◆ **What the task requires**: Pictures are to be dropped from the copy. Retype the listing exactly.

----- Recorded information -----

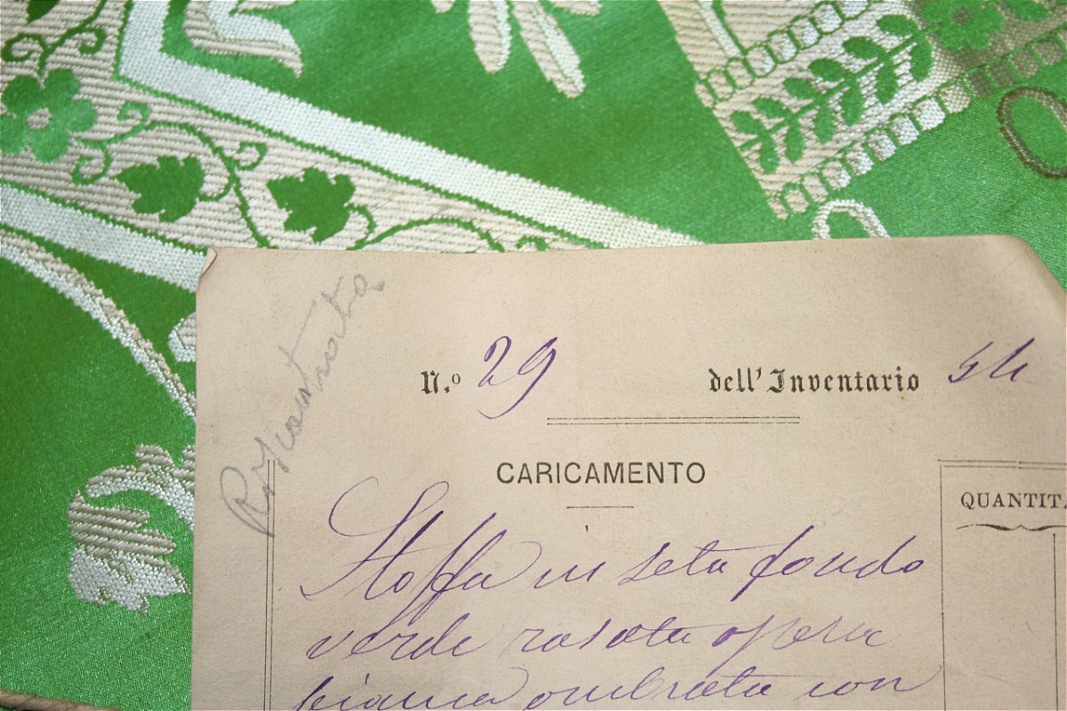 - ISCRIZIONI sul cartellino - N. 29 dell'Inventario 54(?). Stoffa in seta fondo verde rasato opera bianca ambrata con stelle riscontrata M. 214 - numeri arabi -
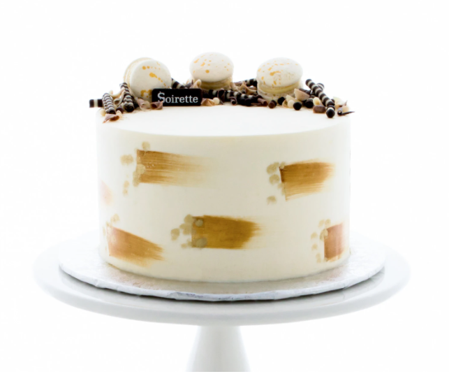 Delicious coffee cake filled with dark coffee swiss buttercream, tiramisu mousse and Kahlua syrup. Decorated with a chocolate, gold dust, dark chocolate glaze and mini macarons.
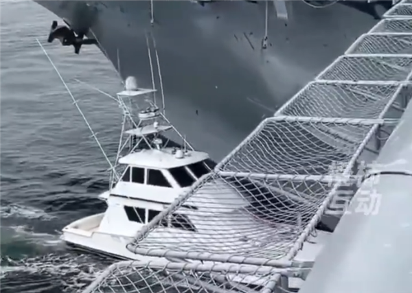码头的监控画面显示,事故发生在白天,这架游艇直冲冲怼到了航母上,不过,因为游艇的速度不快,且吨位较轻,撞到了航母后,游艇直接被推到一旁。

-----

◆ **Answer**:
 - ISCRIZIONI sul cartellino - N. 29 dell'Inventario 54(?). Stoffa in seta fondo verde rasato opera bianca ambrata con stelle riscontrata M. 214 - numeri arabi -
 Delicious coffee cake filled with dark coffee swiss buttercream, tiramisu mousse and Kahlua syrup. Decorated with a chocolate, gold dust, dark chocolate glaze and mini macarons.
码头的监控画面显示,事故发生在白天,这架游艇直冲冲怼到了航母上,不过,因为游艇的速度不快,且吨位较轻,撞到了航母后,游艇直接被推到一旁。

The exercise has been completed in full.